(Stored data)
★ ★ ★

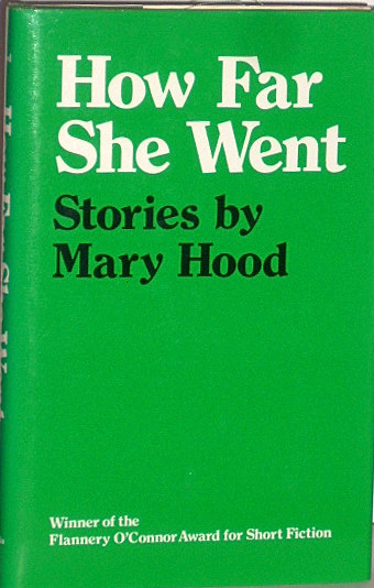 Cover of the 1984 edition of How Far She Went
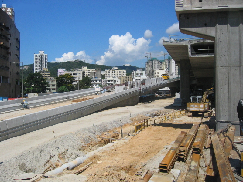 HK Road T3 During construction in 2005/07
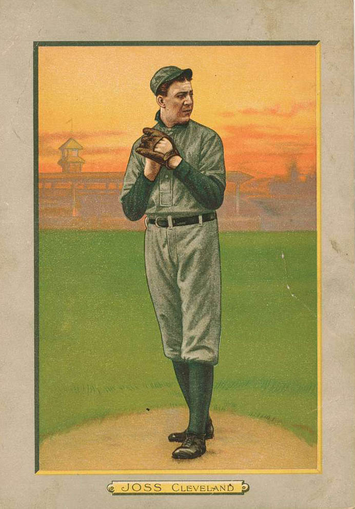 Card of Addie Joss, baseball playe, by American Tobacco Company.
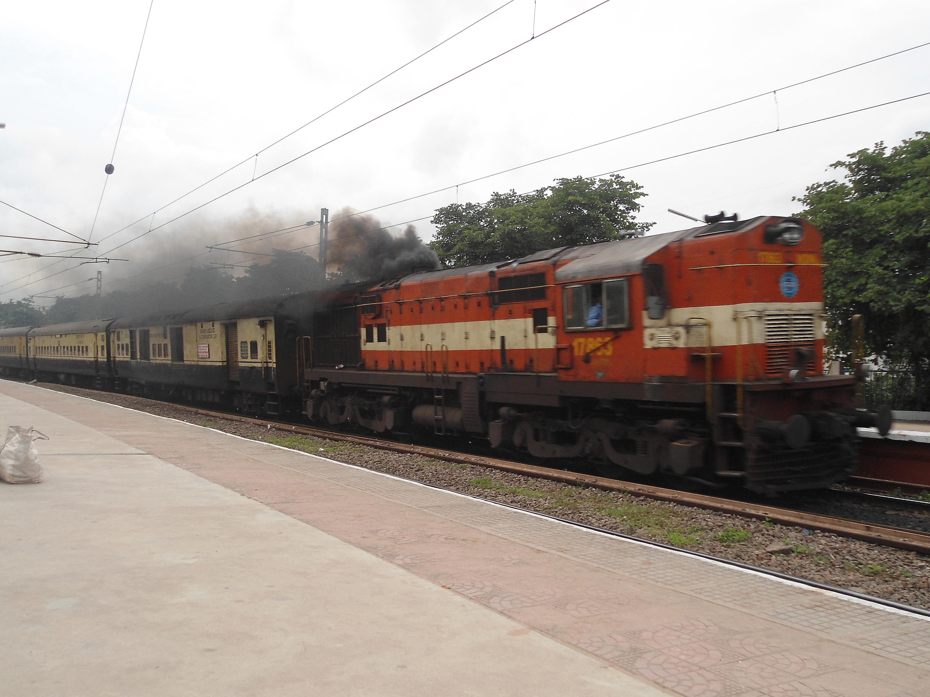 12025 (Pune-SC) Shatabdi Express with WDM-3A loco crossing Bharathnagar MMTS station, Hyderabad
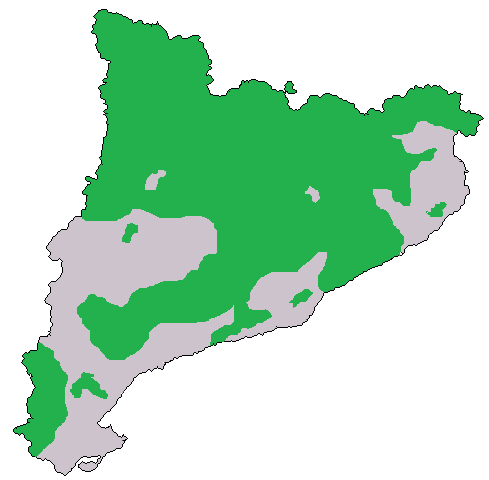 Distribution map of roe deer (Capreolus capreolus) in Catalonia. Source: gencat.cat/agricultura
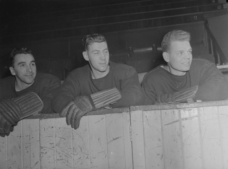 We see Misters Ken Mosdell, Ray Getliffe and Bob Fillion, hockey players of the Montreal Canadiens. They sit on the bench, pressed against to the band.
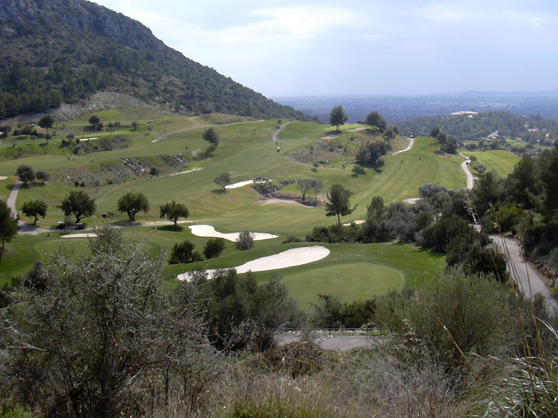 Several Holes of the Golf Course Son Termens
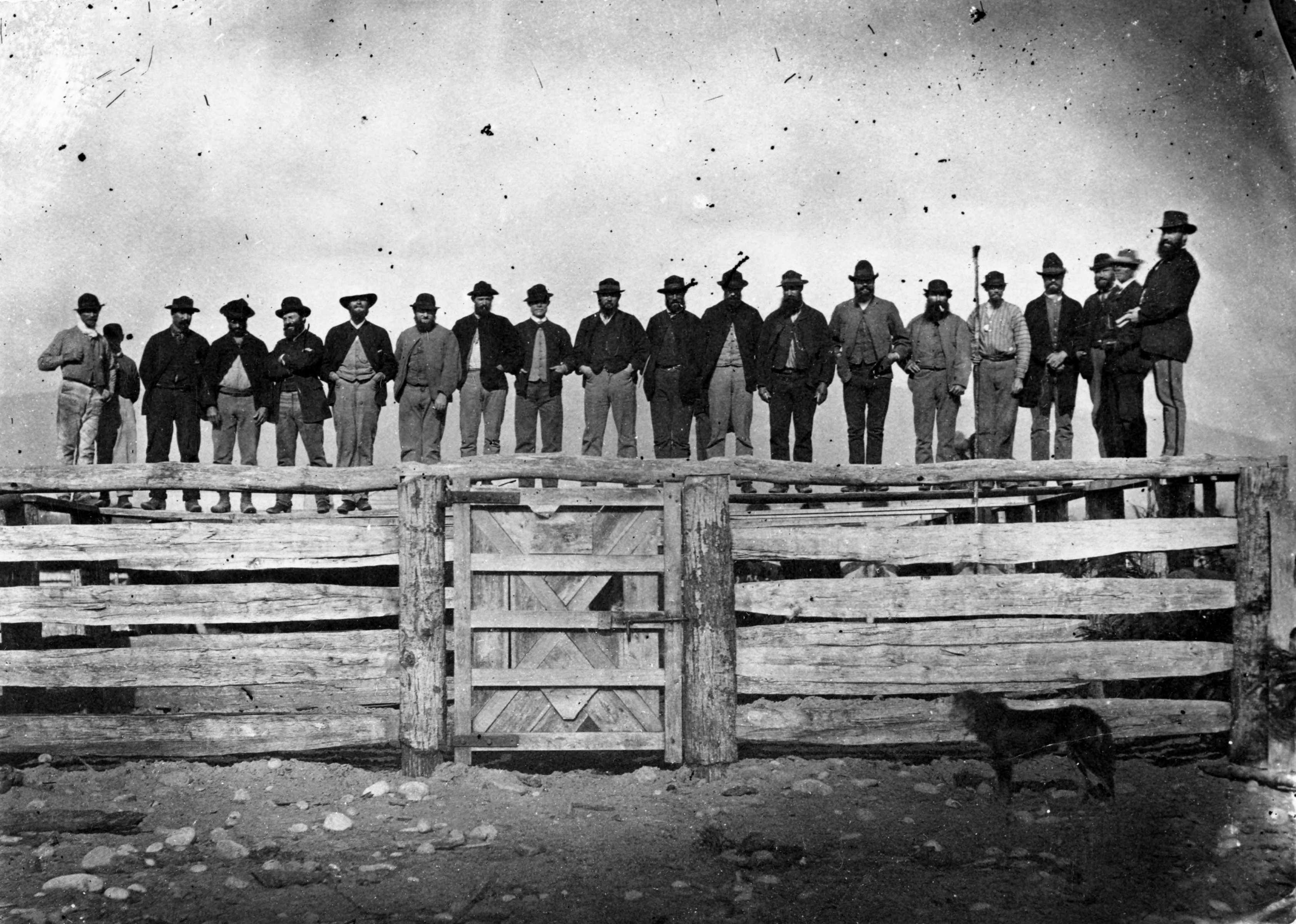 Row of butchers at a stockyard sale at South Spit in Westport, 1870. Shows J Colvin, J Suisted, G Lamplough, R McFarlane, J Brown, J Powell and E Drennan. Also shows John Munro as the auctioneer, at right.

★ ★ ★

WHAT YOU HAVE TO DO: Return the records above exactly as written. Do not include their images.

OUTPUT OF THE TASK:
 Cover of the 1984 edition of How Far She Went
 HK Road T3 During construction in 2005/07
 Card of Addie Joss, baseball playe, by American Tobacco Company.
 12025 (Pune-SC) Shatabdi Express with WDM-3A loco crossing Bharathnagar MMTS station, Hyderabad
 Distribution map of roe deer (Capreolus capreolus) in Catalonia. Source: gencat.cat/agricultura
 We see Misters Ken Mosdell, Ray Getliffe and Bob Fillion, hockey players of the Montreal Canadiens. They sit on the bench, pressed against to the band.
 Several Holes of the Golf Course Son Termens
 Row of butchers at a stockyard sale at South Spit in Westport, 1870. Shows J Colvin, J Suisted, G Lamplough, R McFarlane, J Brown, J Powell and E Drennan. Also shows John Munro as the auctioneer, at right.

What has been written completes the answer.